Sagar Rao created KAFKA-14401:
---------------------------------
Summary: Connector/Tasks reading offsets can get stuck if
underneath WorkThread dies
Key: KAFKA-14401
URL: https://issues.apache.org/jira/browse/KAFKA-14401
Project: Kafka
Issue Type: Bug
Reporter: Sagar Rao
When a connector or task tries to read the offsets from the offsets topic, it
issues `OffsetStorageImpl#offsets` method. This method gets a Future from the
underneath KafkaBackingStore. KafkaBackingStore invokes
`KafkaBasedLog#readToEnd` method and passes the Callback. This method
essentially adds the Callback to a Queue of callbacks that are being managed.

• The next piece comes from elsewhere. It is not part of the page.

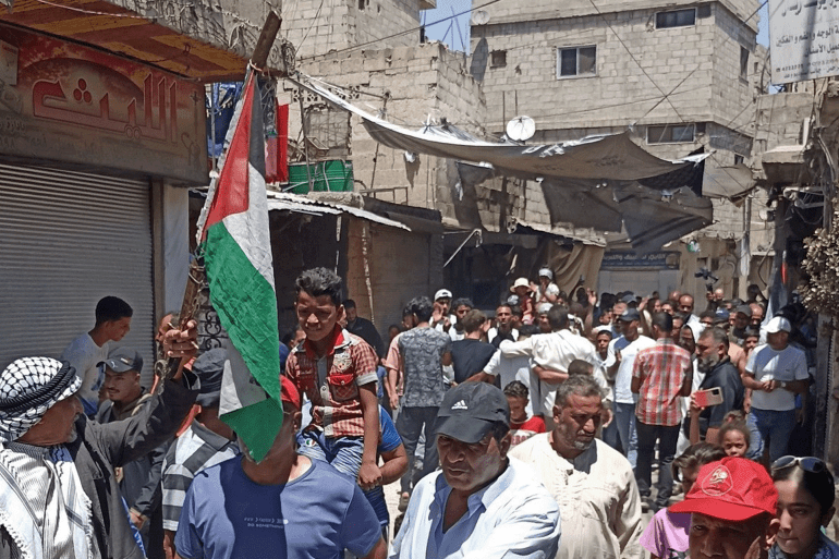 ورفع المشاركون في المظاهرات أعلام فلسطين وسوريا، ورددوا هتافات مناوئة للتجويع، ومطالبة بفتح المعابر وإدخال المساعدات ووقف الإبادة الإسرائيلية.

Within KafkaBasedLog, there's a WorkThread which keeps polling over the
callback queue and executes them and it does this in an infinite loop. However,
there is an enclosing try/catch block around the while loop. If there's an
exception thrown which is not caught by any of the other catch blocks, the
control goes to the outermost catch block and the WorkThread is terminated.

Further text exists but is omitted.